In many poly stories, all of the partners in a relationship have some connection to each other, but this does not have to be the case. With open communication and trust, it’s possible for one person to have relationships with other people who don’t have any interactions with each other. In these stories, character A has relationships with characters B and C (and D, and E, etc.). However, characters B and C don’t interact much, if ever, in the story. Character A might, for example, spend Christmas with character B and their family, but then go spend New Years with character C and their family.


The Slash and Ampersand

Partners who are in a poly relationship aren’t always in a romantic relationship with everyone else involved. Take, for example, character A, who is a bisexual female.

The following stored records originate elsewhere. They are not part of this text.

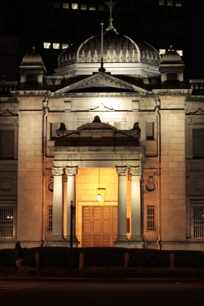【大阪・淀屋橋】日曜日のオフィス街と日本銀行のライトアップ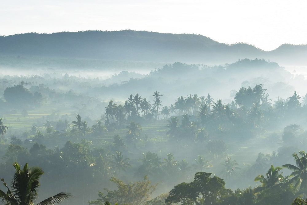 Photo of jungle and rice fields with Mount Agung in the background in Bali. Mist stretches across the fields. This creates beautiful lines in the landscape and hues. An idyllic vista and I was so lucky to witness it myself. Now it is a beautiful image making the green beauty of Bali to admire at home. Photography.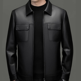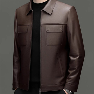 柔软头层绵羊真皮皮衣男加长款 翻领休闲简约商务尼克服夹克外套甘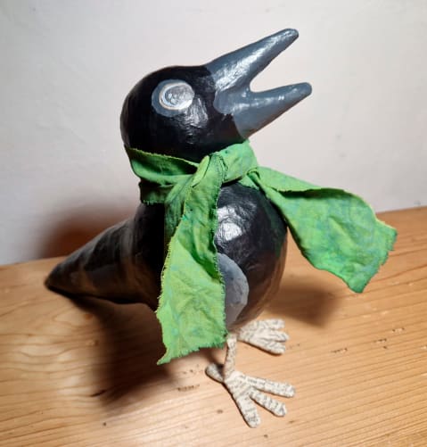 La famille corbeau cherche une famille d’accueil après l’exposition… Ils décoreront à merveille vos intérieurs, une chambre d’enfant, la vitrine d’un commerce. Ils sont fait en papier mâchés par un l’atelier de la FARA à Fribourg. Ils préfèrent rester au chaud à l’intérieur.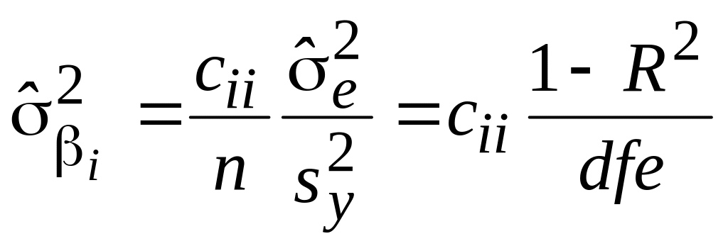 - •Вывод формул для дисперсий коэффициентов регрессии и расчетных значений

She may be dating character B, a heterosexual male, and character C, a homosexual female. While characters B and C are unlikely to form a romantic relationship themselves, they can still have a strong platonic relationship, perhaps because of their shared romantic partner. In this situation, character B might join character A in a visit to character C’s family to celebrate Hanukkah. While they aren’t romantically involved, B and C are partners in a poly relationship and still have a strong bond.


The Triple (quadruple, quintuple, etc.) Slashes

While there are many non-interaction and platonic partnerships in a poly romance, there are also poly relationships that include a romantic connection between all partners involved. In these relationships, everyone is dating/married to everyone else. For larger poly numbers, there can also be a mix of romantic and platonic relationships as well. In a story with this kind of relationship, characters A, B, C, and D may all live together in one house. When it comes time to decorate for the holidays, there are a lot of shenanigans that can occur with trying to accommodate everyone’s unique festive decorative vision.


No matter what poly shape or relationship conglomerate your characters have, it’s important to remember that the key to a poly relationship, like any other relationship, is open and honest communication. There’s a difference between having a poly relationship in a story and having a healthy poly relationship in a story. For instance, every member in a poly relationship needs to know they’re in a poly relationship. If at any point a character is hiding their dating life from one of their partners, that doesn’t build trust and isn’t a healthy starting point for a poly relationship to bloom.